The return of eccentric activity in the latest eruptions coincides with the discovery of distinct, relatively shallow magma reservoirs below the volcano, one of which might be a fairly recent feature, and this poses a number of important questions. Does the appearance and growth of these reservoirs mark a return to a similar situation as possibly existed between 1600 and 1669? Will these reservoirs continue to grow, will they eventually merge to form one larger reservoir? Will "cicirara" lavas reappear? Is Mount Etna returning to a style and magnitude of activity as in the period between 1600 and 1669?

The sharp increase in the productivity seen at the volcano in the past 50 years seems to be a confirmation of this hypothesis. Etna is presently more active than at any other time since 1669, and its activity is growing more complex, with compositionally distinct magmas erupted at the same time, a dramatic increase in the explosivity of the eruptions (both summit and flanks), and with increasing evidence for relatively shallow magma storage below the volcano. There are no indicators that the current trend might invert in the foreseeable future, and it seems that the stage is set for impressive eruptions in the near future, which might become a serious problem for the population and authorities around the volcano.

But how can this recent upsurge in the activity be placed in the long-term dynamic framework of Etna's behavior? If the volcano will really return to a similar level of activity as in the 17th century, does this mean that there is a cyclic behavior also in the long term, on a scale of centuries? One might feel tempted to say, yes, this is so. But to get the correct answer, it would be necessary to know exactly what the volcano has done before A.D. 1600, and this is virtually impossible, for the reasons named above. It would be necessary to prove that there was an increase in the activity prior to that year like the increase observed today. From the sketchy record available this is not very evident. The last well-documented flank eruptions prior to A.D. 1600 occurred in the 1530s, and for 70 years there is no unequivocal evidence for flank eruptions. A large flank eruption reported for 1595 on the southwestern flank is seriously doubted by Tanguy et al. (1999), for the lava flow dated "1595" on the geological map of Etna actually consists of two distinct lava flows, which were erupted in about A.D. 1060 and A.D. 1200, respectively.

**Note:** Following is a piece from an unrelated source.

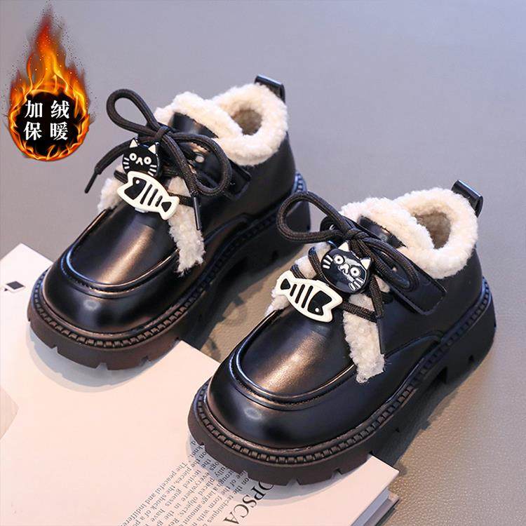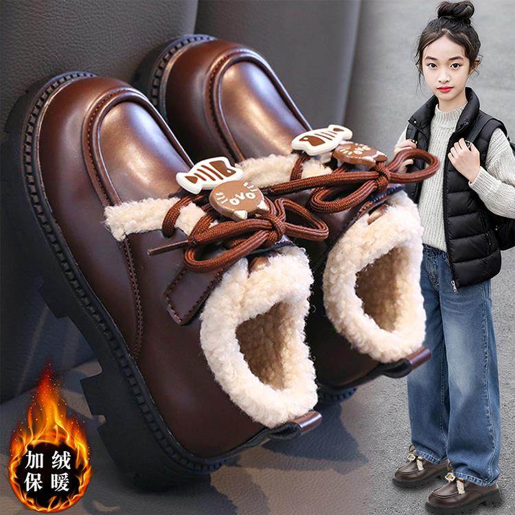 KFT脚王童鞋女童小皮鞋冬季2025新款儿童加绒加厚保暖雪地棉鞋女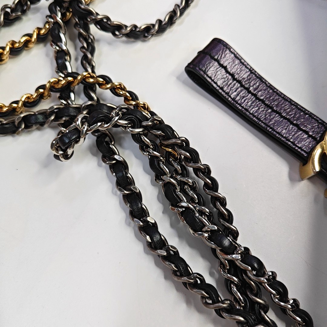 CHANEL GABRIELLE Small Size Radiant Calfskin Quilted Diagonal Bag, Shoulder Bag, Crossbody with Detachable Strap, Golden, Silver, and Ruthenium-Colored Hardware, 27 Clasps-(SKU)-946512946

There is no evidence for a consistent buildup in the activity before 1600. And at the same time it seems that "cicirara" lavas were erupted for quite some time before the 17th century, including the period of apparently relatively low-level activity prior to A.D. 1600. Establishing a model of the long-term behavior of Mount Etna is thus not all that easy as it might seem from looking only at the last 400 years.

In any case, unless it will be possible to reconstruct the pre-1600 activity with appreciable precision, that period of slightly more than 400 years, starting with the year A.D. 1600, is the only source of reliable data available for analysis and interpretation. For this period at least, it can be established that the eruptive dynamics of Mount Etna were strongly controlled by the way magma was transferred from a deep source area to the surface. During the first 70 years of the 17th century, magma may have been stored in a relatively shallow reservoir lying below the base of the volcanic edifice - maybe at a depth of 5 km below the sea level, in the area where magma accumulation takes place also today - with the resulting emission of "cicirara" lavas. These conditions were abruptly altered by the 1669 eruption, which led to the draining of the reservoir, whereupon transport of magma went directly from the mysterious deep source area to the surface, without any significant temporary storage. Interestingly, this transition was shortly followed by the catastrophic earthquake of 1693 in southeastern Sicily, which caused terrific devastation in much of the area, including the Catania area, with some estimated 60,000 people killed. Some authors (e.g., Hirn et al. 1997) have speculated that there might be a correlation between the magmatic and seismic events in the 17th century, but much more data is needed to put this hypothesis on a solid foundation, though attractive it is.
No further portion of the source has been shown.